= UNIVAC III =

1962 computer model

The UNIVAC III was designed as an improved transistorized replacement for the vacuum tube UNIVAC I and UNIVAC II computers. The project was started by the Philadelphia division of Remington Rand UNIVAC in 1958 with the initial announcement of the system being made in the Spring of 1960, however as this division was heavily focused on the UNIVAC LARC project the shipment of the system was delayed until June 1962, with Westinghouse agreeing to furnish system programming and marketing on June 1, 1962. It was designed to be compatible with all data formats. However the word size and instruction set were completely different; this presented significant difficulty as all programs had to be rewritten, so many customers switched to different vendors instead of upgrading existing UNIVACs.

The UNIVAC III weighed about 27225 lb.

The system was engineered to use as little core memory as possible, as it was a very expensive item. The memory system was 25 bits wide and could be configured with from 8,192 words to 32,768 words of memory. Memory was built in stacks of 29 planes of 4,096 cores: 25 for the data word, two for "modulo-3 check" bits, and two for spares. Each memory cabinet held up to four stacks (16,384 words).

== Supported data formats ==
It supported the following data formats:
- 25-bit signed binary numbers
- excess-3 binary-coded decimal with four bits per digit, allowing six-digit signed decimal numbers
- alphanumerics with six bits per character, allowing four-character signed alphanumeric values

25: 24; 23; 22; 21; 20; 19; 18; 17; 16; 15; 14; 13; 12; 11; 10; 9; 8; 7; 6; 5; 4; 3; 2; 1
s: binary value (ones complement)
s: digit (XS-3); digit (XS-3); digit (XS-3); digit (XS-3); digit (XS-3); digit (XS-3)
s: character; character; character; character

Instructions were 25 bits long.

25: 24; 23; 22; 21; 20; 19; 18; 17; 16; 15; 14; 13; 12; 11; 10; 9; 8; 7; 6; 5; 4; 3; 2; 1
i/a: x; op (opcode); ar/xo; m (address)

== Makeup ==
The CPU had four accumulators, a four-bit field (ar) allowed selection of any combination of the accumulators for operations on data from one to four words in length. For backward compatibility with the UNIVAC I and UNIVAC II data, two accumulators were needed to store a 12-digit decimal number and three accumulators were needed to store a 12-character alphanumeric value. When accumulators were combined in an instruction, the sign bit of the Most Significant Accumulator was used and the others ignored.
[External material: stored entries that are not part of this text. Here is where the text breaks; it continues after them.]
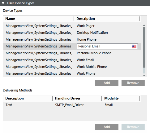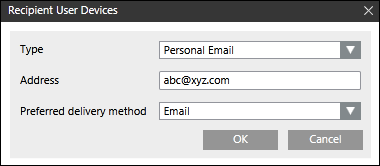 In the Recipient User Devices dialog box, from the Type drop-down list, select Personal Email or Work Email as a recipient device for the corresponding recipient user.
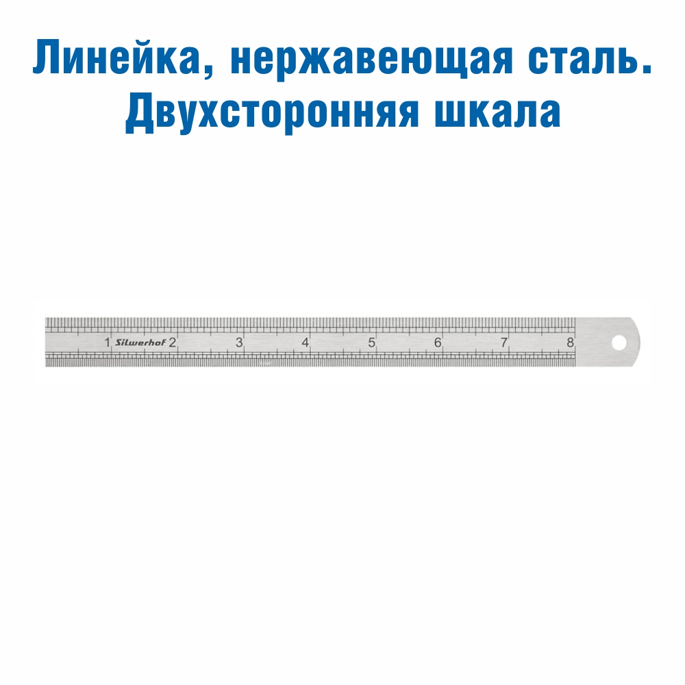 Металлическая линейка Silwerhof 20 см с двухсторонней шкалой, нержавеющая сталь.
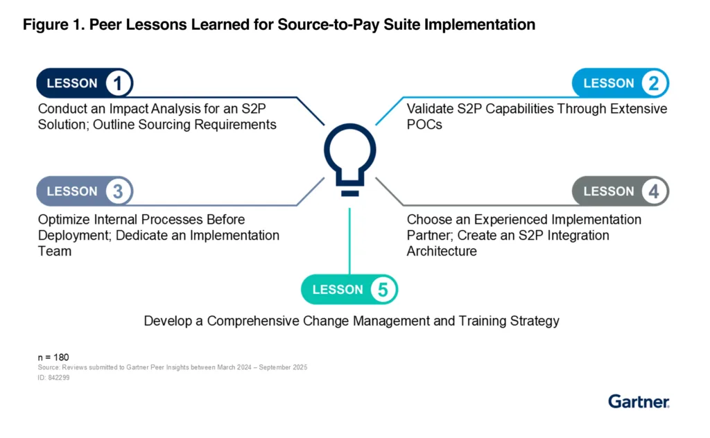 Gartner, Peer Lessons Learned for Source-to-Pay Suite Implementation, By Peer Community Contributor, 30 October 2025. Gartner is a trademark of Gartner, Inc and/or its affiliates.
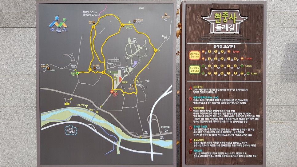 입구 앞에 이 안내도가 있으니 한번 보시고 가시거나 준비된 종이 안내도를 지참하고 구경하시면 더 좋습니다. 현충사 뒤쪽으로 산책로도 있어서 더 걷기를 원하시는 분은 이용을 하시면 됩니다.
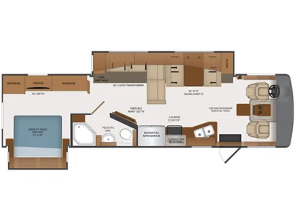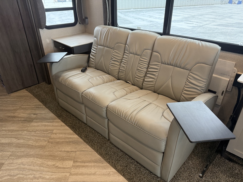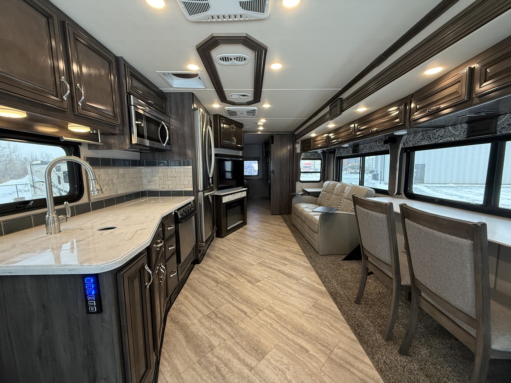 Options : Jantes aluminium, Génératrice à essence, Réservoir de propane, Climatiseur au tableau de bord, Climatiseur conduit central, Régulateur de vitesse, Volant inclinable, Cric hydraulique, Douche extérieure, Échelle, Attache-remorque, Douche, Toilette, Laveuse, Sécheuse, Lit queen-size, Prise électrique, Téléviseur, Micro-onde, Cuisinière, Four, Fourneau, Auvent, Chauffe-eau
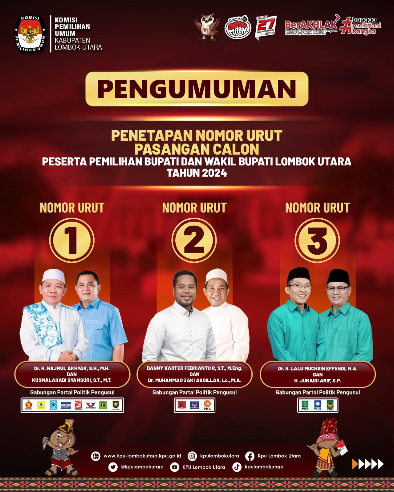 PENGUMUMAN PENETAPAN NOMOR URUT PASANGAN CALON PESERTA PEMILIHAN BUPATI DAN WAKIL BUPATI LOMBOK UTARA TAHUN2024.
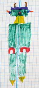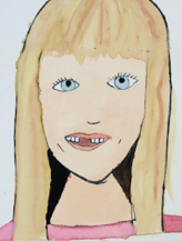 Self Portrait card : Hand your child a mirror and ask her to draw herself. If your child is not used to drawing, a mirror might be too intimidating. If so, back off and let her draw what she feels comfortable with. Even if your child is used to drawing, a project like the lower picture will take quite a bit of time. It is best to break it down into 3 stages. The first stage is to draw it in pencil. The second stage is to draw over the pencil in permanent marker. The final stage is to color it with water colors. If you child is not used to painting with water colors, you can make it a little easier by using special colored pencils that can be turned into water colors by painting with a wet brush after the color has been drawn on with the pencils. These pencils are available at craft stores and art supply stores.
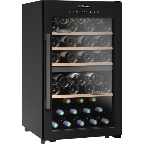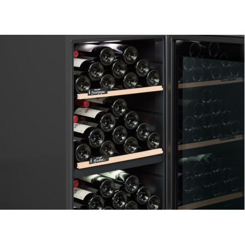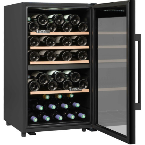 тип винного шкафа: двухтемпературный, высота: 85.50 см, ширина: 50 см, глубина: 54 см, емкость винного шкафа, бут.: 56, количество камер: 1, 2, класс энергопотребления: G, цвет корпуса: чёрный
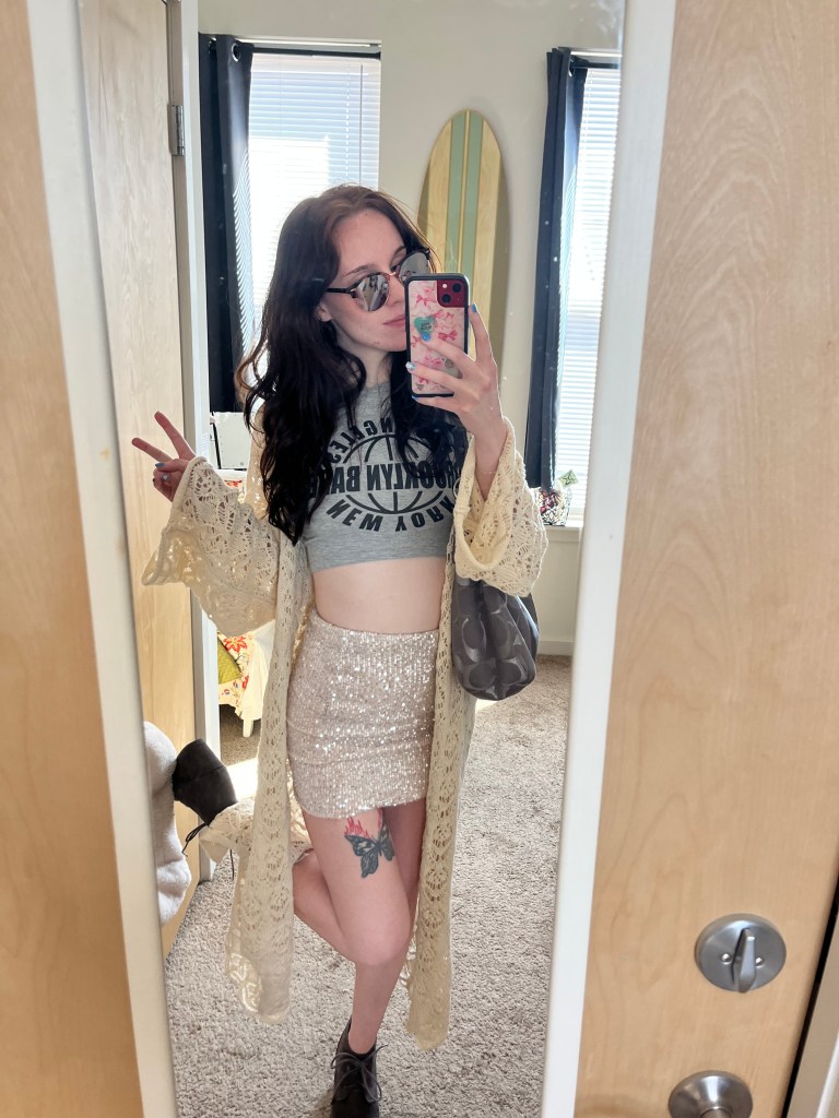 Next up we have this beachy kimono! Can’t wait to build some Coachella-inspired outfits like this one! (I’ve literally never been to Coachella lol I just have a Tumblr account lol) The sequin skirt keeps the outfit exciting through texture, and I couldn’t resist the biblically-accurate booties. Literally bury me in this outfit ok thx.
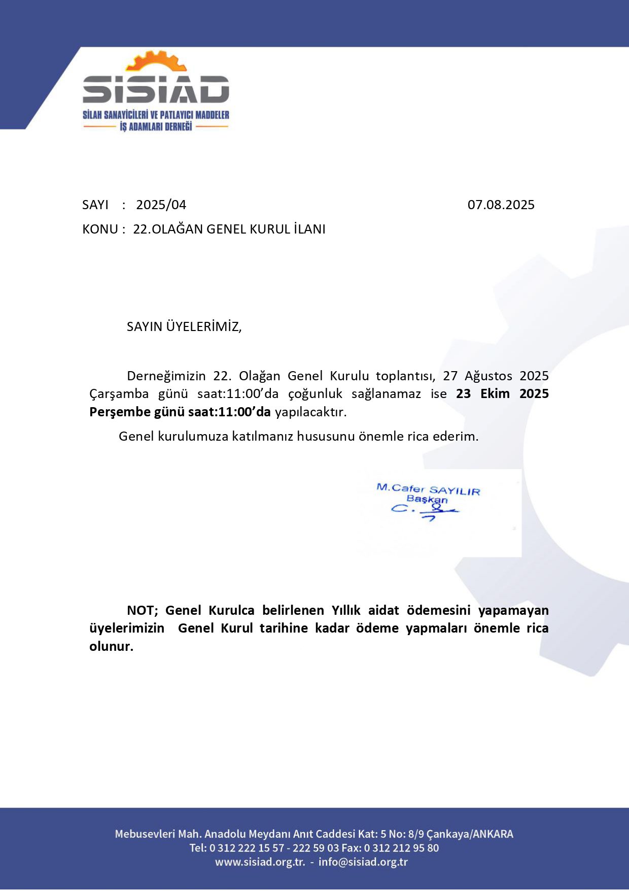 Derneğimizin 22. Olağan Genel Kurulu toplantısı, 27 Ağustos 2025 Çarşamba günü saat:11:00’da çoğunluk sağlanamaz ise 23 Ekim 2025 Perşembe günü saat:11:00’da yapılacaktır. Genel kurulumuza katılmanız hususunu önemle rica ederim.
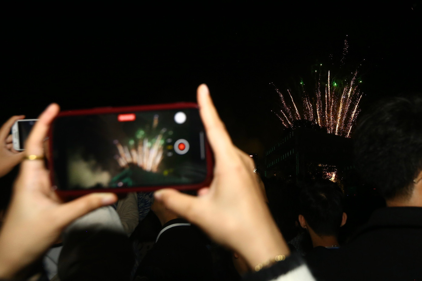 | Người dân đồng loạt ghi lại khoảnh khắc bước sang năm mới bằng những chiếc điện thoại cá nhân. |
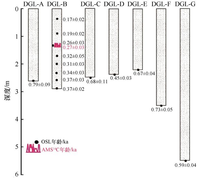 本研究的主要采样剖面DGL-B位于昆仑山北麓洪积扇扇中位置,发育在干涸的辫状河道河漫滩上,周围类似灌丛沙堆广泛发育,DGL-B剖面底部海拔为2 877 m。整个灌丛沙堆高约3 m,灌丛沙堆仍在持续堆积阶段,上覆有生长中的柽柳,盖度约70%,在沙堆中部伴有死亡柽柳树枝及根系,该剖面的AMS14C样品即是在其间获取的植物细枝残体。其余6个柽柳灌丛沙堆采集底部OSL样品,底部采样的目的是获取沙堆的起始年代,在采样过程中以挖到明显洪水沉积层为标准。
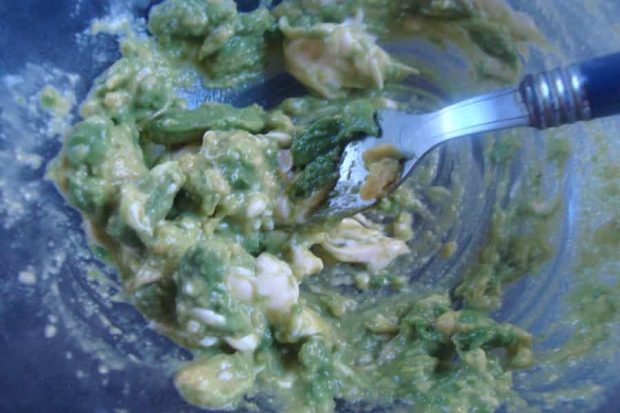 Para la pasta de palta, en un recipiente mezclar la palta y ½ cebolla cortada en cuadros pequeños, agregar unas gotas de jugo de limón, sazonar a gusto.
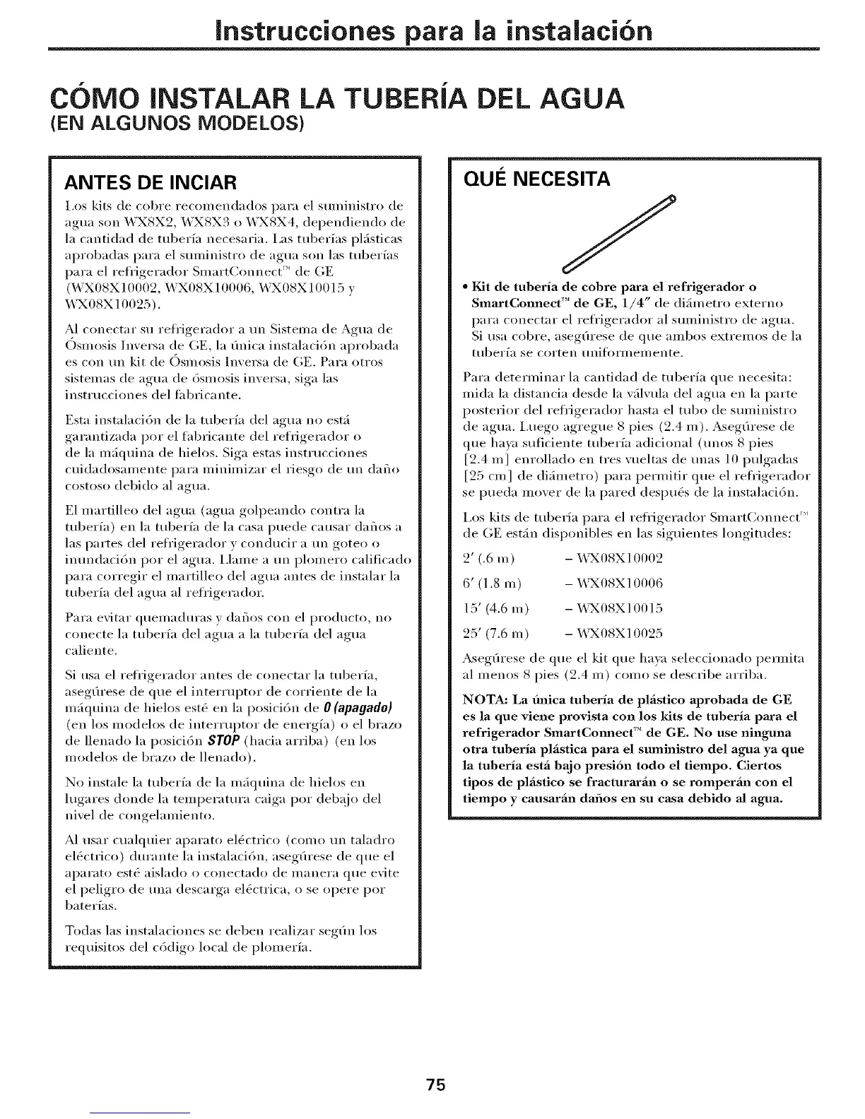 I,os kits de tuberfa para el refl'igerador SmartConnect _'_
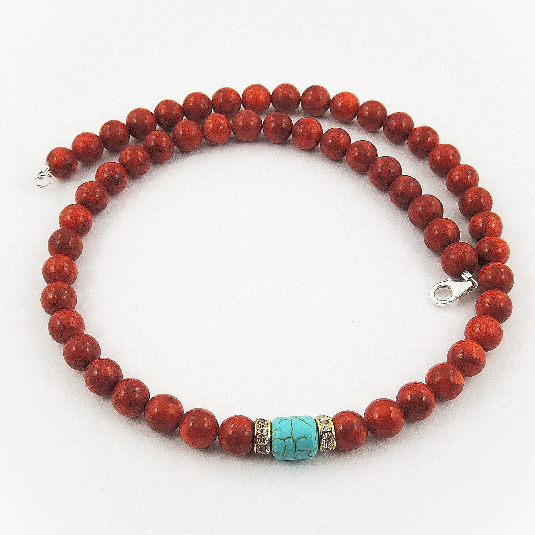 Schaumkorallenkette mit einem Howlith Stein und Strass Rondellen.
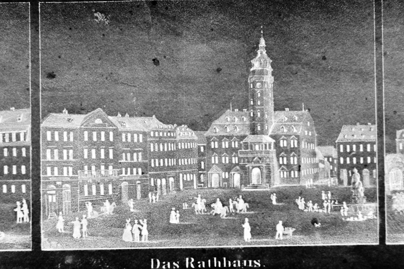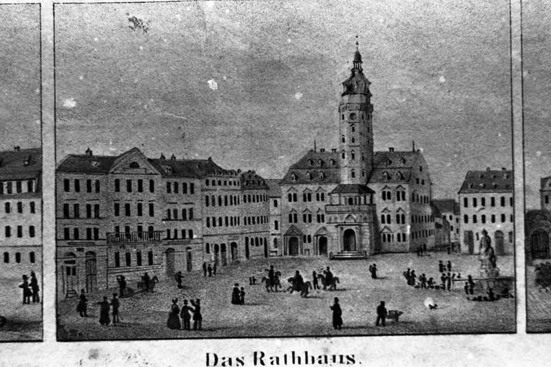 Original - Negativ, s/w, Kleinbild, Reproduktion, Gera, Das Rathaus und Marktplatz, um 1730

The CPU had 15 index registers, a four-bit field (x) allowed selection of one index register as the base register. Operand addresses were determined by adding the contents of the selected base register and the 10-bit displacement field (m). Instructions that modified or stored index registers used a four-bit field (xo) to select that index register.

Indirect addressing or field selection was selected if the one-bit field (i/a) was set. Both indirect addressing and a base register could be selected in the indirect address in memory. Only a base register could be selected in the field selector in memory.

25: 24; 23; 22; 21; 20; 19; 18; 17; 16; 15; 14; 13; 12; 11; 10; 9; 8; 7; 6; 5; 4; 3; 2; 1
i/a: x; 0; 0; 0; spare; l (address)
0: x; left bit (1..24 XS-3); right bit (1..24 XS-3); m (address)

== History ==
Sperry Rand began shipment in June 1962 and produced 96 UNIVAC III systems.

The operating systems(s) which were developed for the UNIVAC III's were called CHIEF, and BOSS.The assembly language was SALT. The majority of UNIVAC III systems were equipped with tape drives; tapes contained images of the system data at the head of any tape, followed by data. The OS could handle jobs at this time, so some tapes had data relating to job control, and others had data. UNIVAC III systems could have up to 32 tape drives.

Some systems were equipped at a later time with a random-access FASTRAND drum.